= Ivelisse Prats Ramírez =

Dominican Republic politician (1931–2020)

Ivelisse Prats Ramírez (23 July 1931 – 11 October 2020) was a Dominican politician who served as president of the Partido Revolucionario Dominicano (PRD) from 1979 to 1982 and was later vice president in 2004.

==Life and career==
Prats Ramírez was the first woman in the Dominican Republic and in all of Latin America to be elected president of a political party. Before becoming a member, Ivelisse Prats Ramirez was doing social militancy with the PRD. Her experience working social militancy has led her to believe it is important for politicians to have experienced something similar in order for them to gain social sensitivity.

In 1970, she was a representative for professors under the Asociación Dominicana de Profesores (ADP). Four years later, she was appointed as a leader of the Comité Ejecutivo Nacional (CEN) in 1974, by José Francisco Peña Gómez, after he recognized her political merits and accomplishments. She also became the director of the National Department of Education.

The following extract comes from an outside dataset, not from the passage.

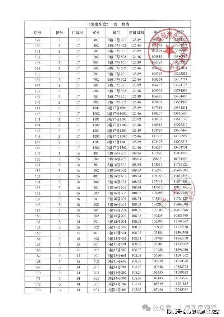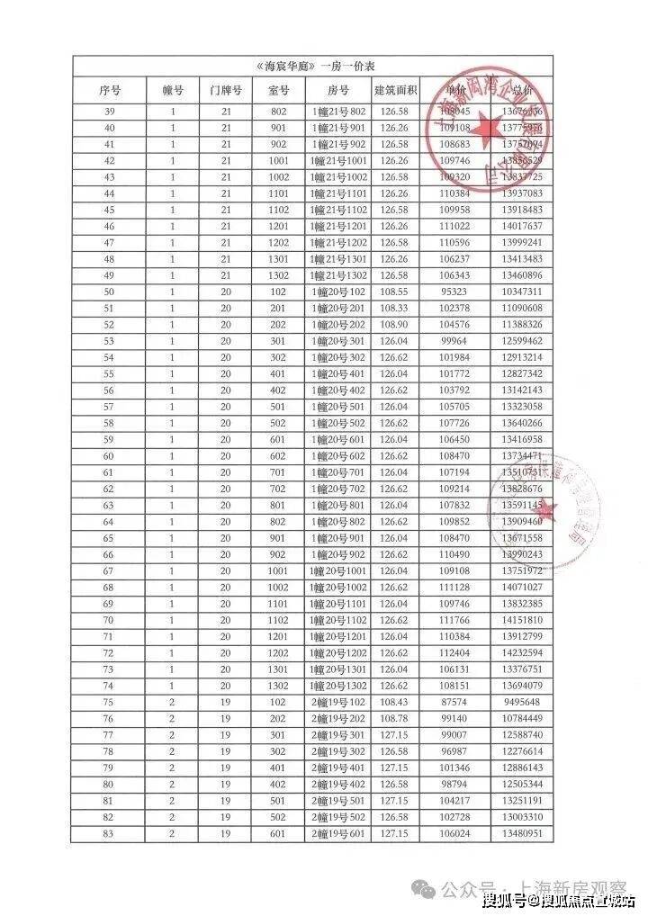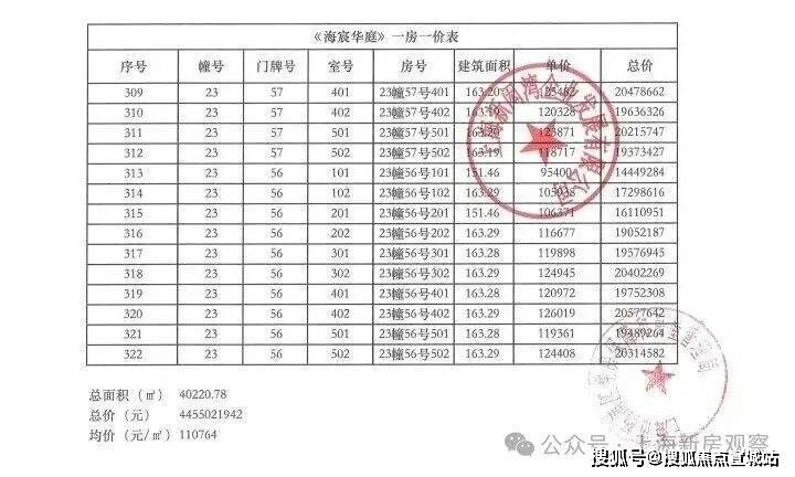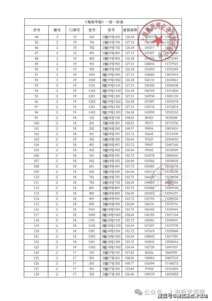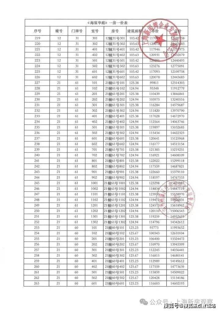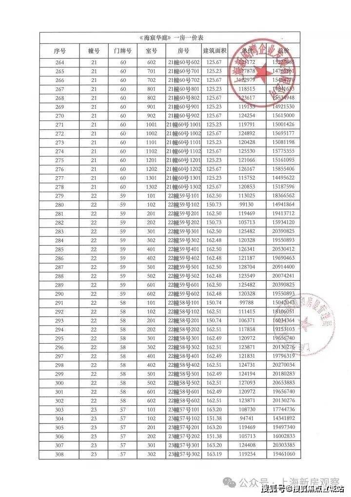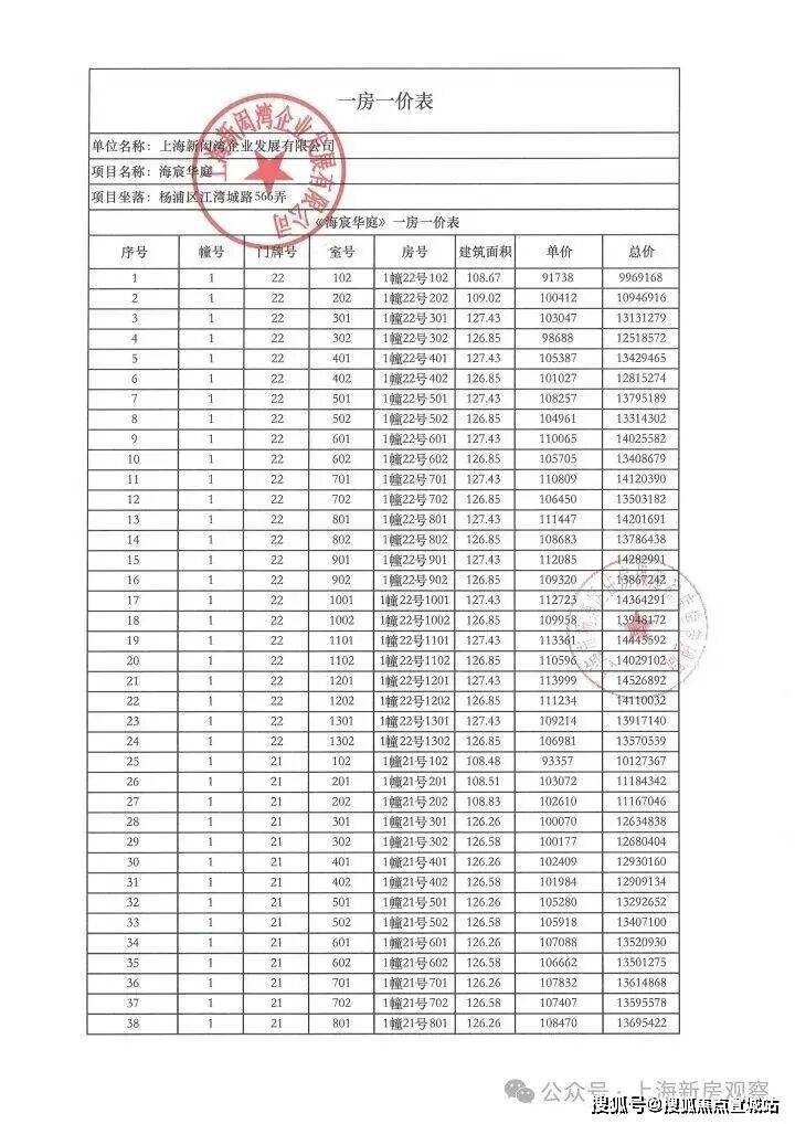 上期一房一价表如下:

In September 1978, Ivelisse Prats Ramirez was named directorate for the First School of Pictures of the PRD, which was being sponsored by the Friedrich Ebert Foundation. During the same year she was elected deputy for the National District and the year following, she was elected president of the Partido Revolucionario Dominicano. Ivelisse Prats resigned from her position as President of the PRD in 1982, after she was appointed Minister of Education.

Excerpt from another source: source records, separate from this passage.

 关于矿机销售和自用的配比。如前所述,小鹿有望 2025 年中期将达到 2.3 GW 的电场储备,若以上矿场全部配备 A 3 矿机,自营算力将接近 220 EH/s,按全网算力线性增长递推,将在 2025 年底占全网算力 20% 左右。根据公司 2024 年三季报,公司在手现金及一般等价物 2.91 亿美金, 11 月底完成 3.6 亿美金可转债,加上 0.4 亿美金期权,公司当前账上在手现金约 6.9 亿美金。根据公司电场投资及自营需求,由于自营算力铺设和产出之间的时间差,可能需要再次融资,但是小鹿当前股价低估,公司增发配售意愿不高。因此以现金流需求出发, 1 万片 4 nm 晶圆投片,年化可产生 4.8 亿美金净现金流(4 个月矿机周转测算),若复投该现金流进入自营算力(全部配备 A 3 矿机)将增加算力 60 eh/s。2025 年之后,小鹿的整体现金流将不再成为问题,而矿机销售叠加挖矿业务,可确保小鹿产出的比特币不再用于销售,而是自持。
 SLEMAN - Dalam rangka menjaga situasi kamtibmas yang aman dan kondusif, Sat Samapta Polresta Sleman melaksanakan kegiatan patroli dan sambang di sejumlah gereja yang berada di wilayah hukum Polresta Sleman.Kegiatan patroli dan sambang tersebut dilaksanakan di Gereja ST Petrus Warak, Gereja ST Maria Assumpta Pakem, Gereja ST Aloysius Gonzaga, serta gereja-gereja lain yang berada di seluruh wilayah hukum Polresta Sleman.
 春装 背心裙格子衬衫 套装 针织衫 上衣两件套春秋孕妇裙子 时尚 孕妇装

For a year, in 1988, she was the director of the Department of Cultural and Teacher Affairs of the PRD, a position that was created by the white party. Once again in 1989, she went back to being the director for the National Department of Education. Ivelisse Prats Ramirez was regent for the PRD in the National District during elections in 1994. As of 1996, she was elected and has remained the National Secretary of Education and Doctrine, which was created through the merging of the Department of Education and Doctrine. Prats continues to keep herself busy with her political tasks while also putting together seminars, teaching classes and writing. Some of her works are used as textbooks in courses offered by the PRD.

Prats Ramírez died in Santo Domingo, Dominican Republic on 11 October 2020, at the age of 89.